Vertex AI on Google Distributed Cloud (GDC) air-gapped appliance brings the power of a machine learning (ML) and artificial intelligence (AI) platform to your secure portable device. GDC air-gapped appliance provides access to a select set of pre-trained Vertex AI APIs, enabling AI capabilities in your private cloud solution.
Key features
Vertex AI on GDC air-gapped appliance offers you the following features:
- Air-gapped deployment: Run Vertex AI services entirely within your portable device, ensuring data sovereignty and compliance.
- Familiar Vertex AI experience: Take advantage of the same tools and APIs from Google Cloud, simplifying development and management.
- Pre-built models and algorithms: Access a range of pre-trained models for common machine learning tasks, accelerating your time to value.
Available services
Vertex AI on GDC air-gapped appliance offers the following pre-trained services:
- Optical Character Recognition (OCR): Extract text from images and files.
- Speech-to-Text: Convert spoken language into written text.
- Vertex AI Translation: Translate text between multiple languages.
Capacity planning and computing requirements
Each Vertex AI service requires different computing resources. The following table provides the requirements for each pre-trained model:
| Pre-trained API | Computing resources | GPU count requirements | GPU memory requirements | 
|---|---|---|---|
| Optical Character Recognition (OCR) | GPU | A single A100 80 GB GPU | 40 GB | 
| Speech-to-Text | CPU | Not applicable (only CPU) | Not applicable (only CPU) | 
| Vertex AI Translation | GPU | A single A100 80 GB GPU | 50 GB | 
GDC air-gapped appliance includes a single NVIDIA A100 80 GB GPU. This limits the device to running only one GPU-dependent Vertex AI pre-trained API at a time. If you attempt to enable both Vertex AI Translation and OCR, the second API will fail to enable with an error message indicating insufficient GPU resources. You can, however, run Speech-to-Text alongside either Vertex AI Translation or OCR, as Speech-to-Text only requires CPU resources.

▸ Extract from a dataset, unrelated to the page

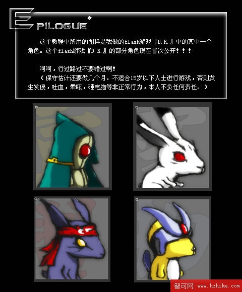 這個教程中所用的圖樣是我做的flash游戲『D.R.』中的其中一個角色。這個Flash游戲『D.R.』的部分角色現在首次公開!!!
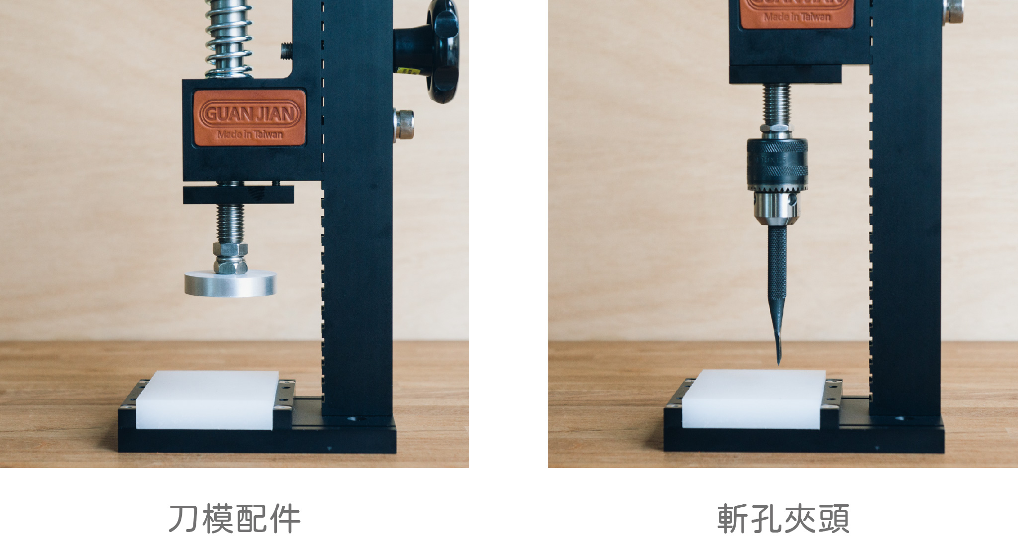 以往都必須用敲的才能將斬孔打穿,但每次敲打都會發出聲響,這對半夜才有靈感的我來說,做事起來非常綁手綁腳,雖然壓斬的速度不比打斬,但對於稍縱即逝的靈感來說已經足矣。這裡示範的是加購的 3 分夾頭(1.5-10 mm),夾入斬之後輕鬆一壓就能壓出漂亮的斬孔了!

To help you determine the number of appliance units needed for your AI/ML workloads, review the following capacity limits for each Vertex AI pre-trained API:
| Pre-trained API | Capacity per appliance unit | 
|---|---|
| Optical Character Recognition (OCR) | Up to 30 images per minute (one image every two seconds). | 
| Speech-to-Text | Up to seven minutes of audio transcribed per minute (seven seconds of audio transcribed per second). | 
| Vertex AI Translation | Up to 61,000 characters per minute (1,024 characters per second). | 
When you plan your deployment, consider the following guidance:
- The capacity limits are approximate and not guaranteed. Actual capacity might vary depending on factors such as the following: - Complexity of the input data (for example, language for translation, image quality for OCR, and audio clarity for Speech-to-Text).
- Specific configuration of the appliance.
- Concurrent usage of other services on the appliance.
 
- Only one GPU-intensive API (Vertex AI Translation or OCR) can be active at a time because GDC air-gapped appliance is limited to a single A100 80 GB GPU. 
- Estimate your peak usage and potential future growth. 
- For demanding workloads requiring higher throughput, consider deploying multiple appliance units. 
The following table outlines the storage requirements for each Vertex AI service on GDC air-gapped appliance:
| Component | Storage requirements | 
|---|---|
| OCR frontend | 0.1 GB | 
| OCR backend | 5 GB | 
| OCR extractor | 0.1 GB | 
| Speech-to-Text frontend | 0.1 GB | 
| Speech-to-Text backend | 1.5 GB | 
| Vertex AI Translation frontend | 0.7 GB | 
| Vertex AI Translation backend | 61.4 GB | 
Ensure that your appliance has sufficient storage capacity to accommodate the Vertex AI services you intend to use.
Benefits
Vertex AI on GDC air-gapped appliance offers the following benefits:
- Seamless development experience: Use the same tools, APIs, and workflows of Vertex AI on Google Cloud, making development and management intuitive and efficient.
- Enhanced security and privacy: Maintain complete control over your data and comply with regulatory requirements.
- Accelerated time to value: Use pre-trained models for common machine learning tasks.
- Streamlined MLOps: Benefit from robust machine learning operation capabilities for seamless AI integrations within your air-gapped environment.
Getting started
To get started with Vertex AI on GDC air-gapped appliance, do the following:
- Learn about essential roles and permissions for available services.
- Set up a project for your AI and machine learning workloads.
- Provision GPUs and enable the Vertex AI services.
- Install the Vertex AI client libraries.